The data:
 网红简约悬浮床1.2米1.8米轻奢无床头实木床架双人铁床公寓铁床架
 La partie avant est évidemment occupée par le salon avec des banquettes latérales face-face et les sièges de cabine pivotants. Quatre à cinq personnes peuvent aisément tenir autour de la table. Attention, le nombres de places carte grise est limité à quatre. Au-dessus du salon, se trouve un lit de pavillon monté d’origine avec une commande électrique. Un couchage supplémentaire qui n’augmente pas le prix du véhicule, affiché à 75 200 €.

---

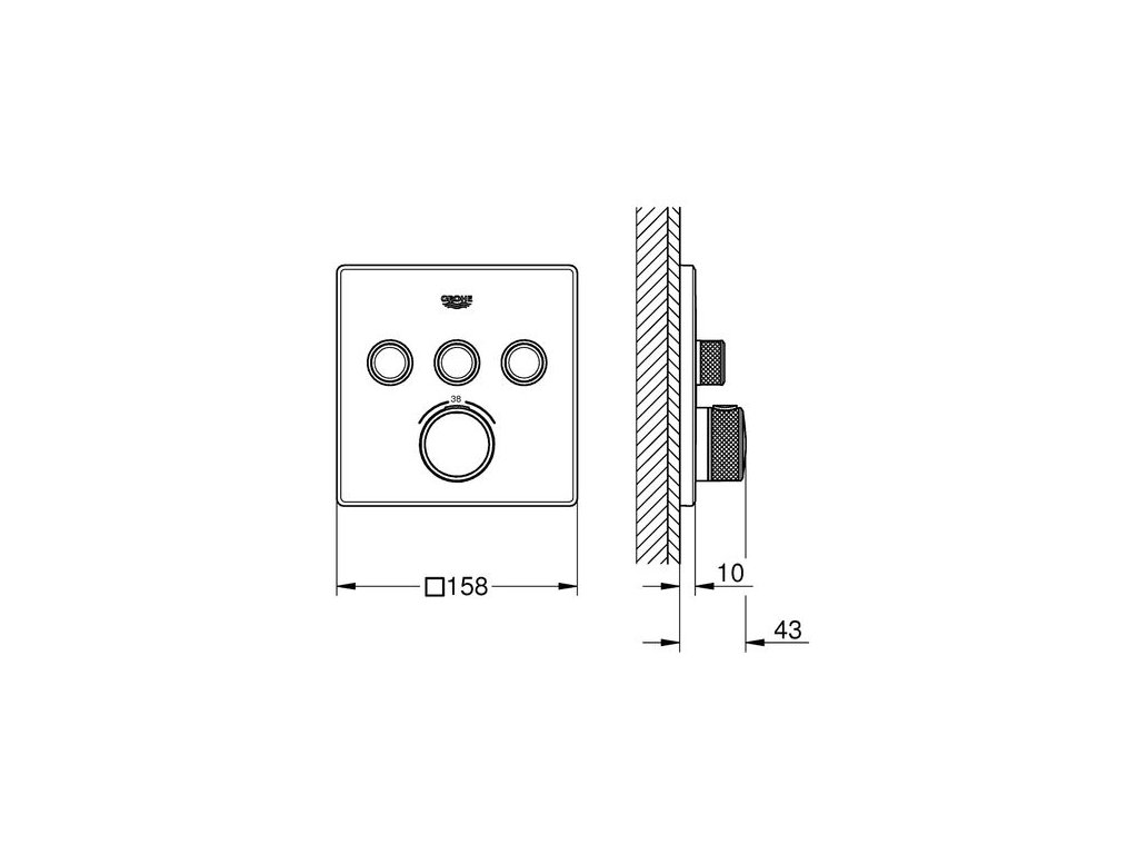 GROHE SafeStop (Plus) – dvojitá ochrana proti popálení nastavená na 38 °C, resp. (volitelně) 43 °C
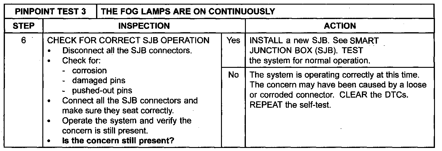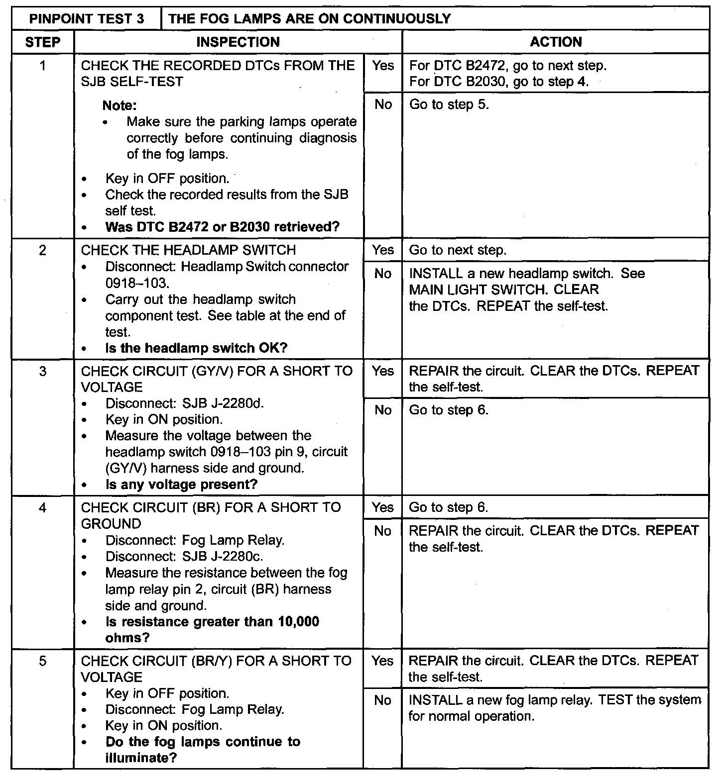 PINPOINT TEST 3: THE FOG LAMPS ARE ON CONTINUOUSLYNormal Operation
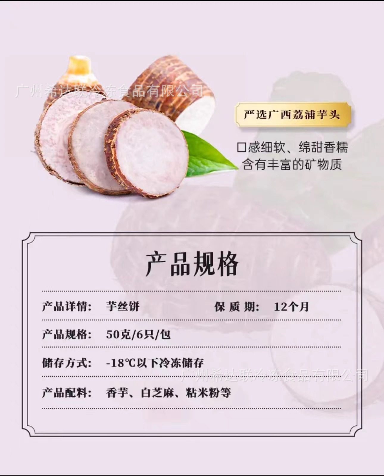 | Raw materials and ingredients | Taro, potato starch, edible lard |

Task to complete: Set down, exactly as they stand above, the lines starting with the line with "网红简约悬浮床1.2米1.8米轻奢无床头实木床架双人铁床公寓铁床架" and going on through the line with "La partie avant", and no others.

Response below:
 网红简约悬浮床1.2米1.8米轻奢无床头实木床架双人铁床公寓铁床架
 La partie avant est évidemment occupée par le salon avec des banquettes latérales face-face et les sièges de cabine pivotants. Quatre à cinq personnes peuvent aisément tenir autour de la table. Attention, le nombres de places carte grise est limité à quatre. Au-dessus du salon, se trouve un lit de pavillon monté d’origine avec une commande électrique. Un couchage supplémentaire qui n’augmente pas le prix du véhicule, affiché à 75 200 €.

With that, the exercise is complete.